(Excerpt from The Deplorable Child by Jan Nerenberg)
Mothers, usually, are not deplorable. They are all things to their children: Chief-cook and bottle-washer, doctor, lawyer, counselor, nurse, taxi driver, cheerleader, dryer of tears, mender of tears, etc. The list goes on… forever. In fact, she almost walks on water, just ask any florist on the second Sunday in May.
However, and in spite of the above facts, including innumerable school plays and endless Little League games, track meets, and basketball games, I’m a slacker. I’ve missed performances and milestones in the lives of my multitudinous progeny. I admit it.
There was the time our oldest asked for a ride to his high school. I complied and upon arrival, commented on the packed parking lot. “It’s nothing, mom. Just a simple concert. No big deal,” he said as he exited the car. Upon arrival home, he had a plaque tucked under his arm. “How’d it go?” “Just fine,” he replied as he put his award for 2nd Chair in the Violin Section on the coffee table. See! Deplorable. Out of touch. In fact, I had no idea it was the culmination event of his year!
Then there was the black full-length gown I crafted for our youngest daughter. “Do you want to be a chaperone?” she asked after the concert I DID attend at the local high school. Hmmm, on a bus with half a gazillion teenagers on a two-hour bus trip each way to hear the same concert? I declined the honor. Wrong move. As I graduated years later from Pacific University, I discovered that my daughter’s high school group had not only qualified for the state playoffs but they had performed on Pac U’s stage all those years ago. Oblivious to the obvious.

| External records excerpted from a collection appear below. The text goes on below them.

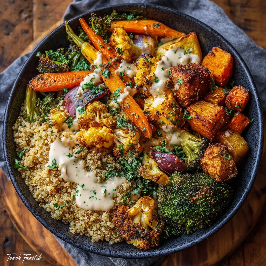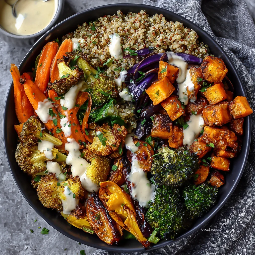 This dish isn’t just a feast for your taste buds — it’s food for your soul. Inspired by traditional Mediterranean flavors and the wisdom of balance in every bite, this Glow Bowl with Roasted Veggies & Creamy Tahini Yogurt Sauce is perfect for lunch, dinner, or even meal prep for the week ahead. The beauty lies in its versatility — earthy roasted carrots, sweet potatoes, and broccoli mingle with protein-rich quinoa, while the creamy tang of the tahini yogurt sauce adds depth and harmony.
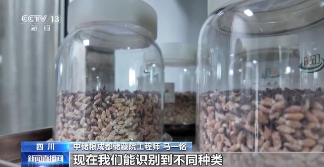 中储粮成都储藏院工程师马一铭:过去我们将这些黑黑的小虫子称为害虫,现在我们能识别到不同的种类。
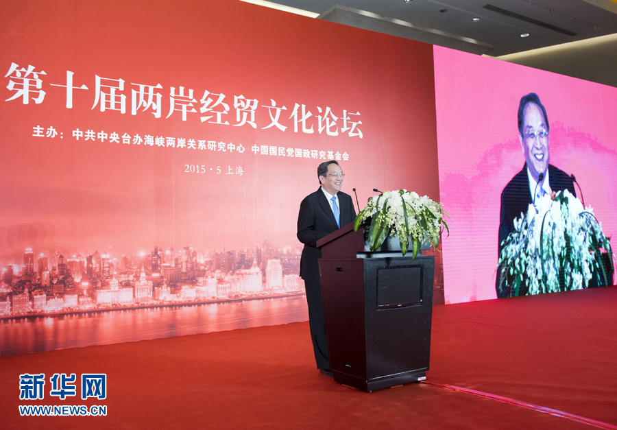 5月3日,由中共中央台办海峡两岸关系研究中心和中国国民党国政研究基金会共同举办的第十届两岸经贸文化论坛在上海浦东隆重举行。中共中央政治局常委、全国政协主席俞正声和中国国民党主席朱立伦出席论坛开幕式并致辞。这是俞正声在致辞。新华社记者 王晔 摄
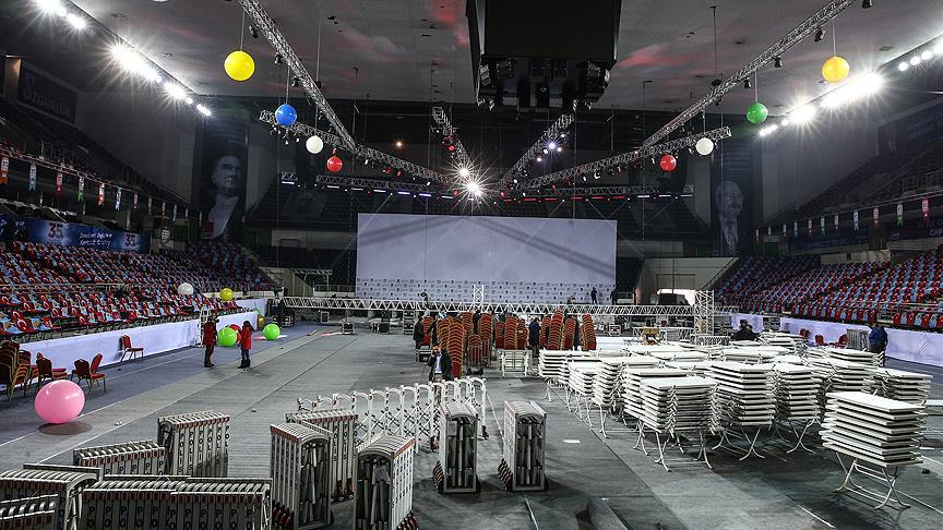 AA muhabirinin aldığı bilgiye göre, kurultayın yapılacağı Ankara Spor Salonu'ndaki çalışmaların gece boyu süreceği ve salonun bugün sabaha hazır hale getirileceği belirtildi.
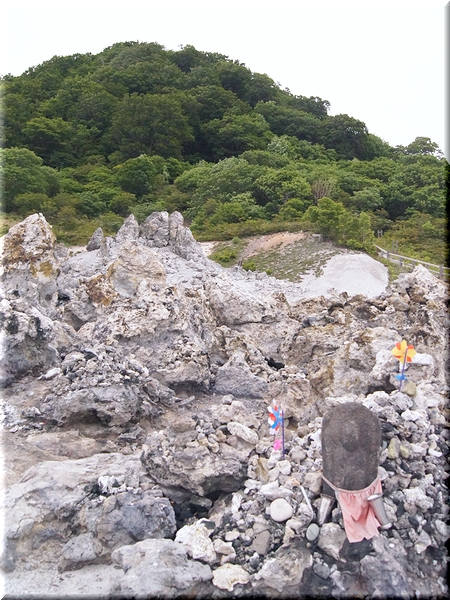・ 硫黄臭の漂う無限地獄の前に立って地蔵山を眺める
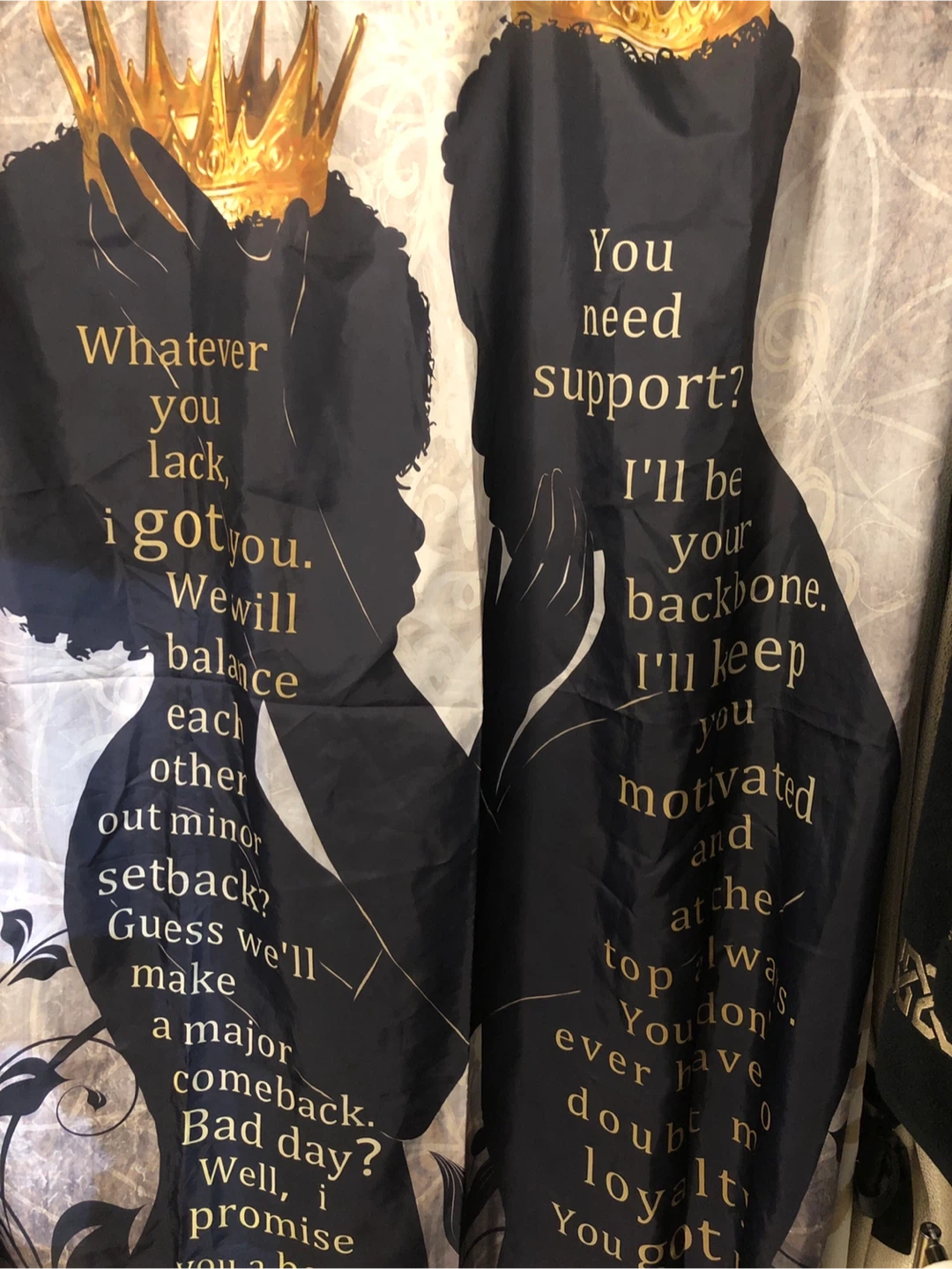 If the ad is up the set is available, you don't have to ask. This shower curtain features inspirational quotes and a unique design. It's perfect for adding a touch of motivation to your bathroom decor. The black and gold color scheme is both stylish and elegant. Give your bathroom a fresh new look with this eye-catching shower curtain!

Slow, but I do learn. I’ve turned over a new leaf. I try to attend as many historic events in the lives of my children as possible but the fates aren’t always with me. Case in point, our youngest son’s doctoral graduation.
We are in the winding up stages of reclaiming our home from a 3000-gallon internal flood, getting ready to install lights, preparing an apartment for said son and family, and answering to half a dozen sub-contractors daily. I set my alarm for just past 7 AM, showered, checked in with the work crew, helped my husband find his missing hearing aid and left for Corvallis at 9:30. Only a half hour late but I had scheduled an extra hour to account for emergencies. I always do this, as there is always something!

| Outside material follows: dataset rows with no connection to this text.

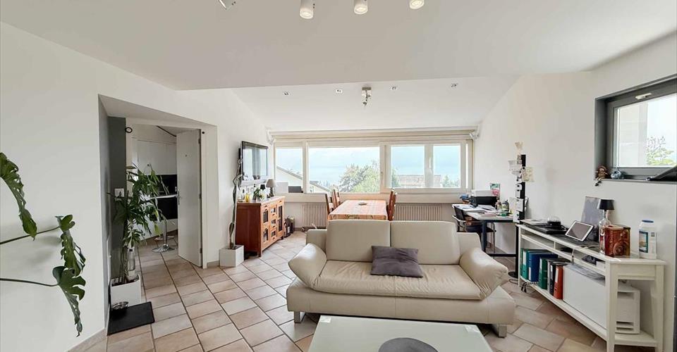 Situé idéalement à La Conversion, cet appartement bénéficie d’un très bel emplacement à quelques pas de la gare, du charmant village de Lutry, de ses commerces, écoles, restaurants et des accès autoroutiers. Une adresse idéale alliant tranquillité résidentielle et proximité directe avec les commodités du quotidien. Offrant une vue dégagée sur le lac Léman et les Alpes, ce bien rare se distingue par sa situation dominante et verdoyante. Niché au 1er étage d’une petite copropriété soignée, ce spacieux appartement de 125 m2 jouit d’une excellente luminosité et de beaux volumes. L’espace de vie s’ouvre sur une agréable terrasse arborée orientée sud-ouest, véritable extension naturelle de l’appartement, parfaite pour les moments de détente ou les repas en plein air, dans un environnement calme et verdoyant. L’intérieur se compose de : – Une entrée avec armoires encastrées – Un séjour lumineux avec une véranda donnant accès direct à l’extérieur – Une cuisine indépendante avec un garde-manger – Deux chambres confortables – Deux salles de bains dont une avec baignoire – Un WC visiteurs – Une grande pièce polyvalente (buanderie), facilement aménageable en chambre supplémentaire ou bureau
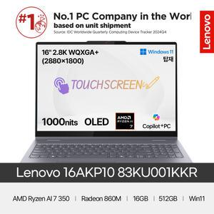 레노버 아이디어패드5 투인원 터치스크린 16AKP10 83KU002NKR (Ryzen Ai7 350/Radeon 860M/16GB/1TB/Win11 Home)
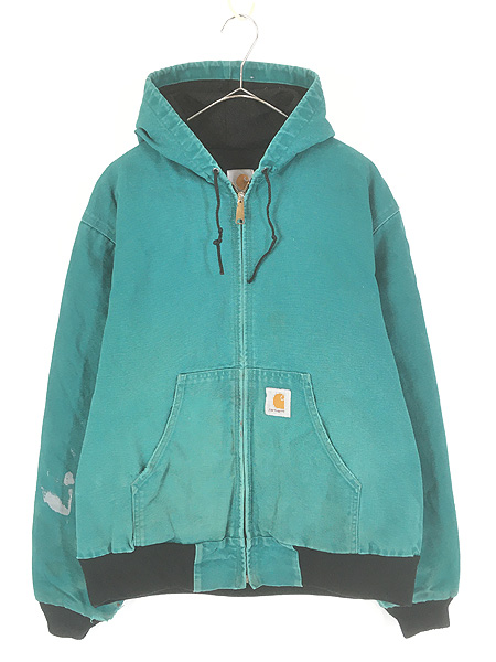 古着 80s- Carhartt 裏地 メッシュ アップルグリーン ダック アクティブ パーカー ジャケット L位
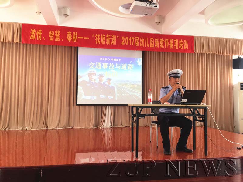 安全问题是幼儿园工作的重中之重,提高自救自护的素养和能力,培养教师们对交通事故防范和自我保护能力。2017年8月28日,杭州市百合花幼儿园特别邀请了九堡交警大队的余化成警官来园,为教师们开展“交通安全”知识培训。
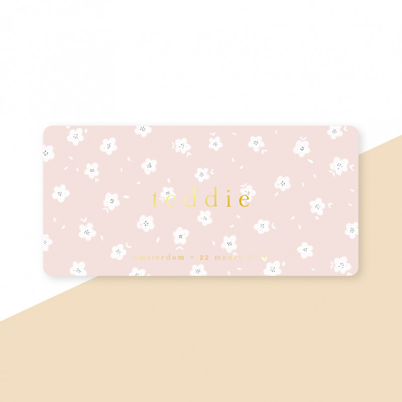 Langwerpig liggend geboortekaartje met kleine witte ronde bloemen, goudfolie en ronde hoeken. Je kunt de kleur van het geboortekaartje, de tekst en het lettertype gemakkelijk naar wens aanpassen en er een mooi persoonlijk geboortekaartje van maken. LET OP! Deze kaart heeft een langere levertijd: op werkdagen voor 18.00 uur besteld is de volgende werkdag gedrukt en verzonden.
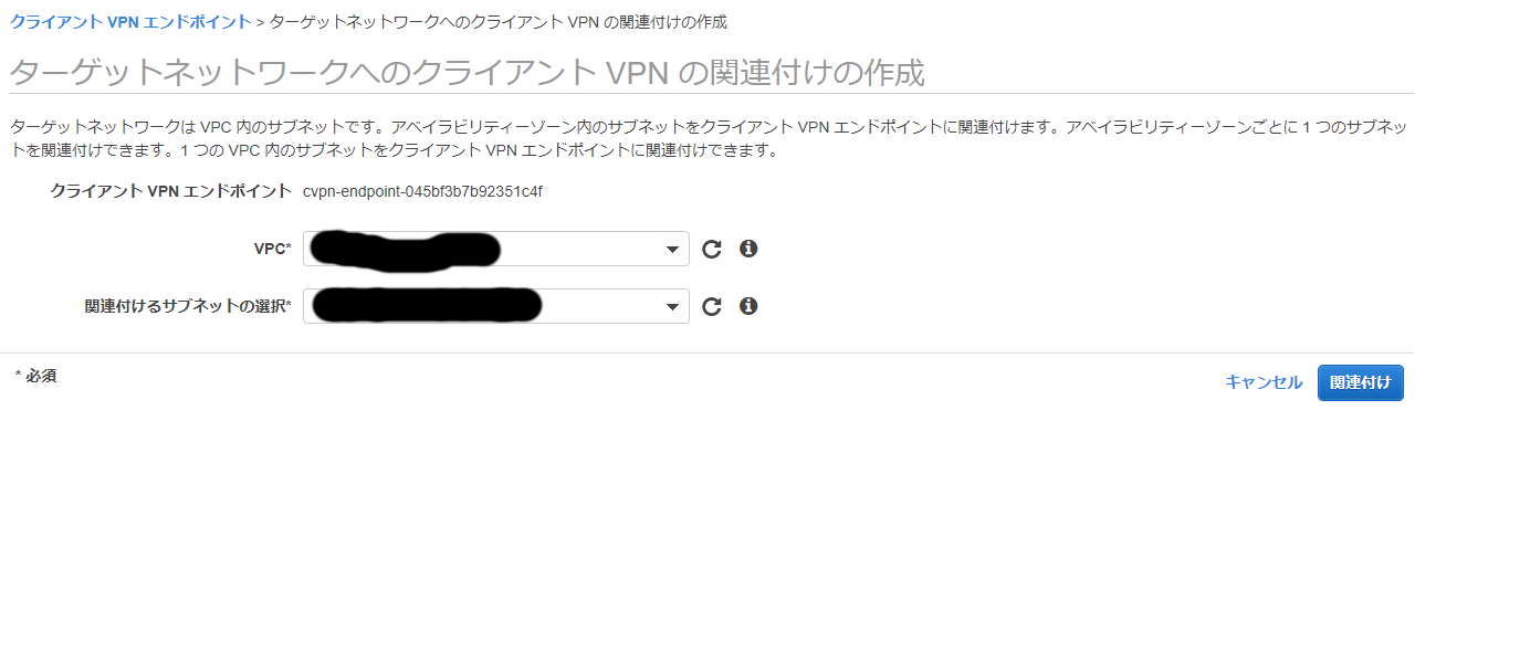 関連付けるサブネットを選択する
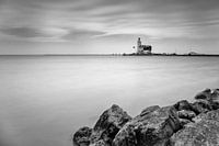 De bekende vuurtoren het "het Paard van Marken" dit maal in zwart wit en met een lange sluitertijd gemaakt.

All was well as we left Astoria. The car shuddered as we climbed Clatskanie hill. I prayed. The motor smoothed out. I breathed. We continued. In Woodland, Washington, the shudder was back. I was afraid that if we stopped we would never start again, but my husband, bless his decision, pulled into a gas station. I exited the car as smoke spiraled into the air when he lifted the hood. The smoke was quickly followed by erupting flames. I don’t know what possessed me but I grabbed my purse and phone from the now burning car. Truly deplorable behavior.

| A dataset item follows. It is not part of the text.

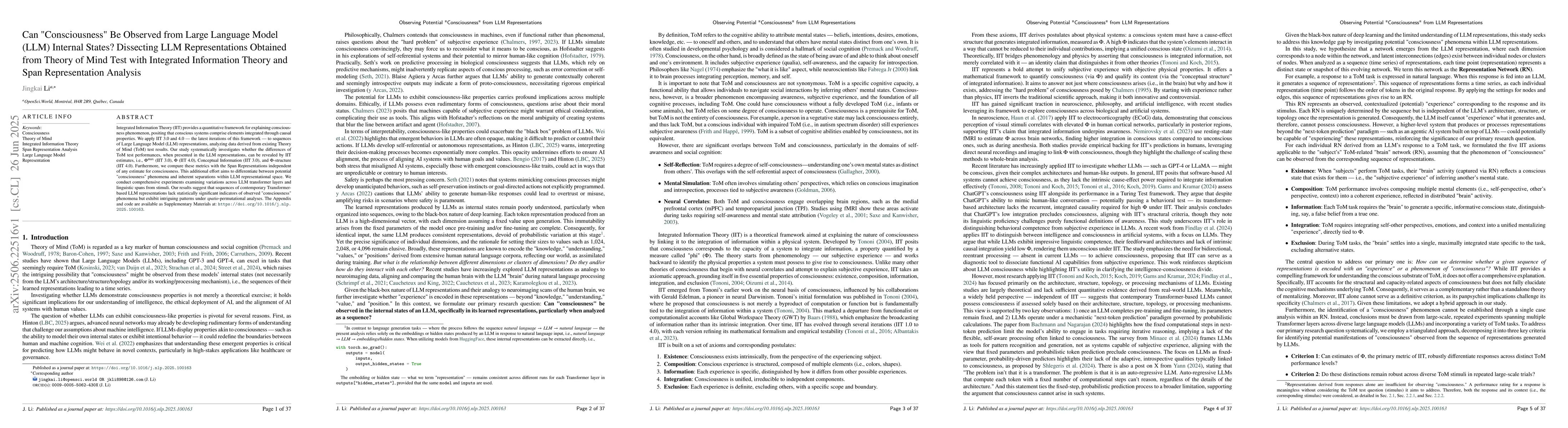 Integrated Information Theory (IIT) provides a quantitative framework for explaining consciousness phenomenon, positing that conscious systems comprise elements integrated through causal properties. We apply IIT 3.0 and 4.0 -- the latest iterations of this framework -- to sequences of Large Language Model (LLM) representations, analyzing data derived from existing Theory of Mind (ToM) test results. Our study systematically investigates whether the differences of ToM test performances, when presented in the LLM representations, can be revealed by IIT estimates, i.e., $\Phi^{\max}$ (IIT 3.0), $\Phi$ (IIT 4.0), Conceptual Information (IIT 3.0), and $\Phi$-structure (IIT 4.0). Furthermore, we compare these metrics with the Span Representations independent of any estimate for consciousness. This additional effort aims to differentiate between potential "consciousness" phenomena and inherent separations within LLM representational space. We conduct comprehensive experiments examining variations across LLM transformer layers and linguistic spans from stimuli. Our results suggest that sequences of contemporary Transformer-based LLM representations lack statistically significant indicators of observed "consciousness" phenomena but exhibit intriguing patterns under $\textit{spatio}$-permutational analyses. The Appendix and code are available as Supplementary Materials at: https://doi.org/10.1016/j.nlp.2025.100163.
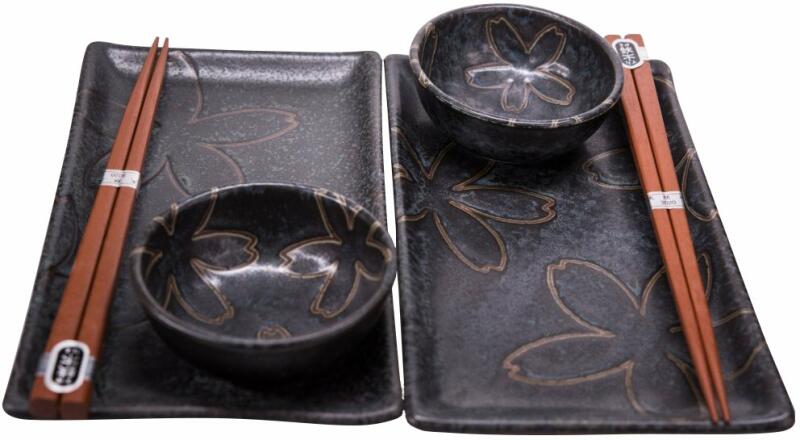 Made In Japan Sushi set virág motívummal fekete 6 db (MIJC0304)

A helpful attendant extinguished the flames and wanted to file an incident report until his boss showed up and suggested that we move the car as far away from his station as possible, pointing out that car fires and gas pumps do not make good neighbors. He directed us to a car repair/dealership, three blocks down the road. That’s when we met Julie (see epilogue).
By now I was near hysterics. Could I rent a taxi to drive the remaining 100 miles? How about helicopter, Lear jet, police escort? Once more I had failed.
I tearfully called our daughter-in-law and explained our predicament. She said they understood, she was glad we were okay, said the kids were already cranky, and don’t stress. Our son parked he was driving and called, saying repeatedly that it was okay and not my fault. I kept thinking I should have somehow known how to prevent this. He downplayed the importance of the ceremony – it’s only a piece of paper, no big deal.
By now I was gulping for air. Yes, I am a bit of a drama queen. (Gad, I can’t believe I just admitted that in print.) Nevertheless, he told us to return home; they would videotape the entire proceedings. We could celebrate together on Sunday, his birthday. My crying slowed a bit.
“Mom,” his voice cut through my clouded thoughts. “I know you are proud of me. You tell me all the time. You are a good mother and it’s okay.”
I sniffed. An errant thought ran through my head. “Well, at least I was there and on time for your birth.”
Silence. And then… laughter.
“Dang good thing,” he chuckled.
Yes, laughter in the face of adversity is good. I might be a deplorable mom for many reasons but at least I was front and center to birth each of our eight children.
Epilogue: Julie of Woodland’s Lewis River Motor Company gave us a loaner car and although we arrived halfway through the Oregon State ceremony, we were able to watch our son, Nathan, walk across the stage and receive his PharmD diploma. God places good people in the world.